*** Data for this exercise Section Begins ***

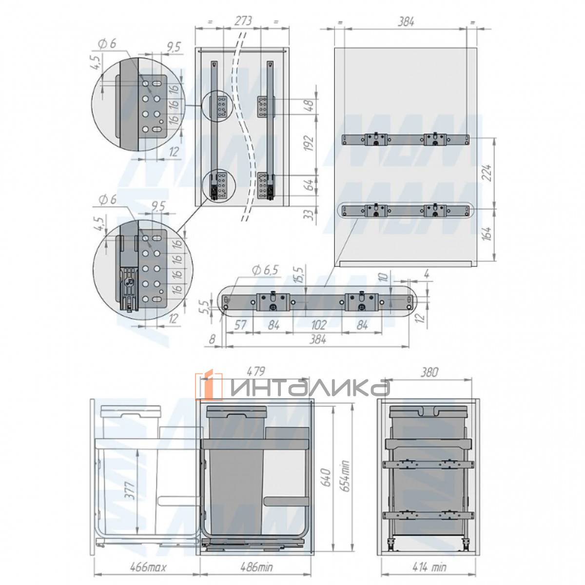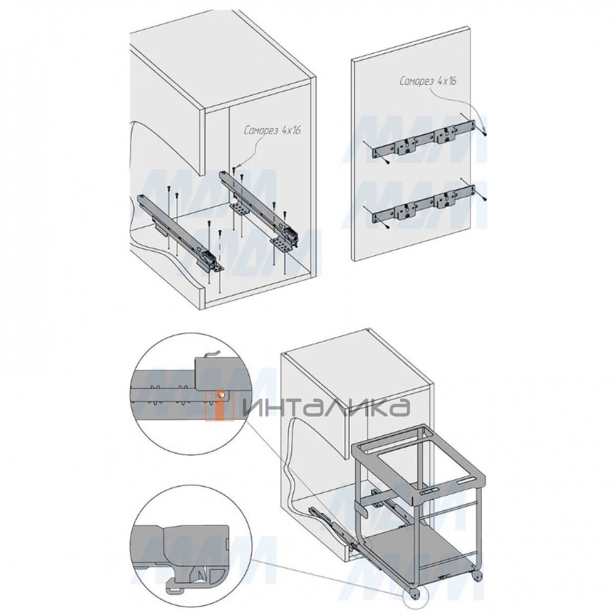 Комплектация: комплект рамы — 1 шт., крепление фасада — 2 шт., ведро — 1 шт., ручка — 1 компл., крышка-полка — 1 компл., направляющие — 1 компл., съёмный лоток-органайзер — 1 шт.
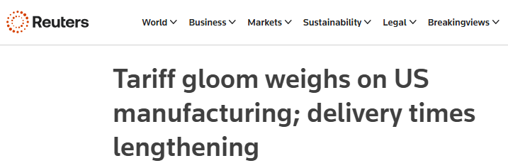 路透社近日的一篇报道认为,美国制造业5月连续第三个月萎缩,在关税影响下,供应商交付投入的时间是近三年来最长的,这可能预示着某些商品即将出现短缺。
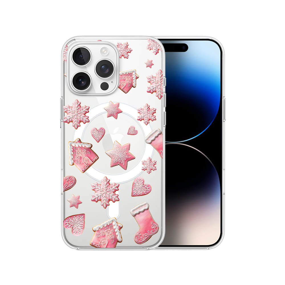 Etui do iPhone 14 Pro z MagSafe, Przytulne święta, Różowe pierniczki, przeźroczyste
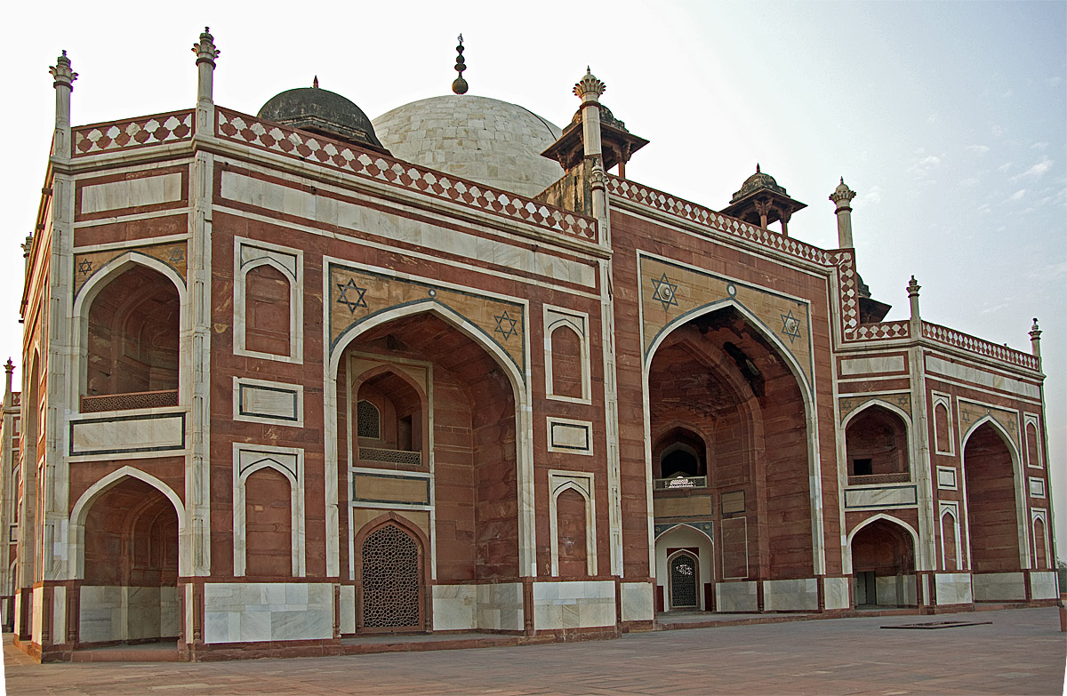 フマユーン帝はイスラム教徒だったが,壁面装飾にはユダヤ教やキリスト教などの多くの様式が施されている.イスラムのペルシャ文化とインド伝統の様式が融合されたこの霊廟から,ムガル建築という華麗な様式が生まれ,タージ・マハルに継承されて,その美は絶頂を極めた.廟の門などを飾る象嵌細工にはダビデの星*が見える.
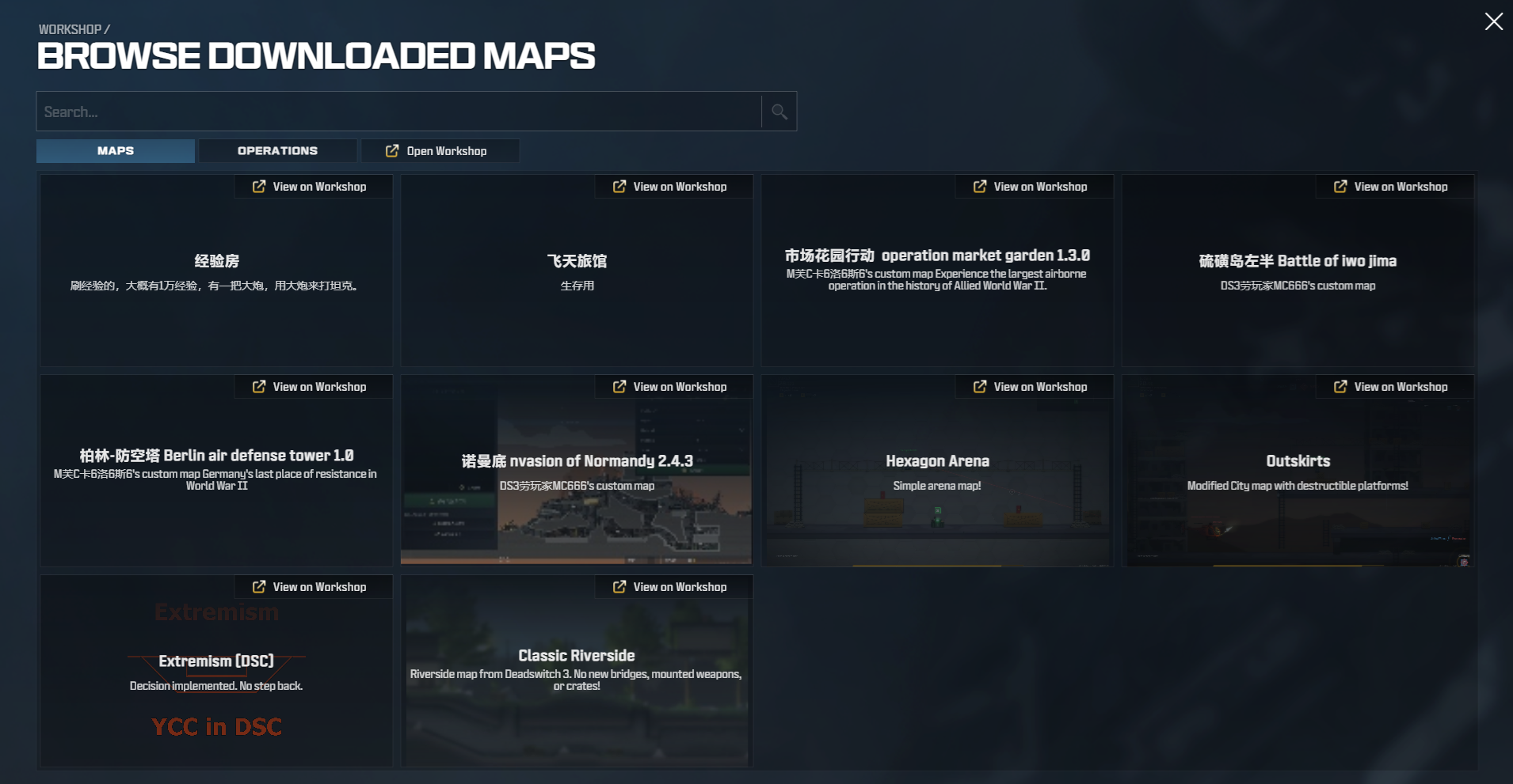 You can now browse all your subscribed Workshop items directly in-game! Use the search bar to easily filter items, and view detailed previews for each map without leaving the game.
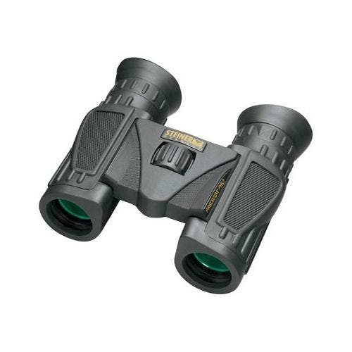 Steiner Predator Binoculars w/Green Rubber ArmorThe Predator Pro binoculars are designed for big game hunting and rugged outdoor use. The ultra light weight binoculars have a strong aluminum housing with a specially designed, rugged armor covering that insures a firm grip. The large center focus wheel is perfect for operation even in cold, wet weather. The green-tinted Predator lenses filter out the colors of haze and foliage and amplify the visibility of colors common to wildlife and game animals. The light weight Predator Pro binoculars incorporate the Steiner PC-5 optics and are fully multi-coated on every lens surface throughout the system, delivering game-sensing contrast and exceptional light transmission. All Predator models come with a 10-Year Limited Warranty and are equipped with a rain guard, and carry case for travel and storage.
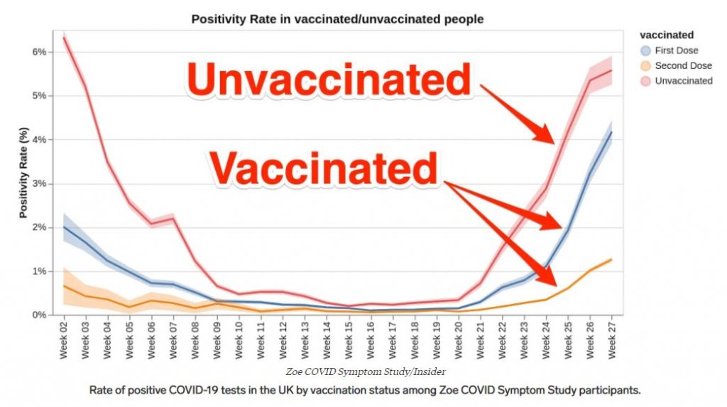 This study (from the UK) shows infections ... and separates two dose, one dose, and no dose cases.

*** Data for this exercise Section Ends ***

* **Exercise directions**:
Give exactly the lines above that run from the line with "フマユーン帝はイスラム教徒だ" to the line with "You can now", both included, leaving every picture out.

* **Answer to this task**:
 フマユーン帝はイスラム教徒だったが,壁面装飾にはユダヤ教やキリスト教などの多くの様式が施されている.イスラムのペルシャ文化とインド伝統の様式が融合されたこの霊廟から,ムガル建築という華麗な様式が生まれ,タージ・マハルに継承されて,その美は絶頂を極めた.廟の門などを飾る象嵌細工にはダビデの星*が見える.
 You can now browse all your subscribed Workshop items directly in-game! Use the search bar to easily filter items, and view detailed previews for each map without leaving the game.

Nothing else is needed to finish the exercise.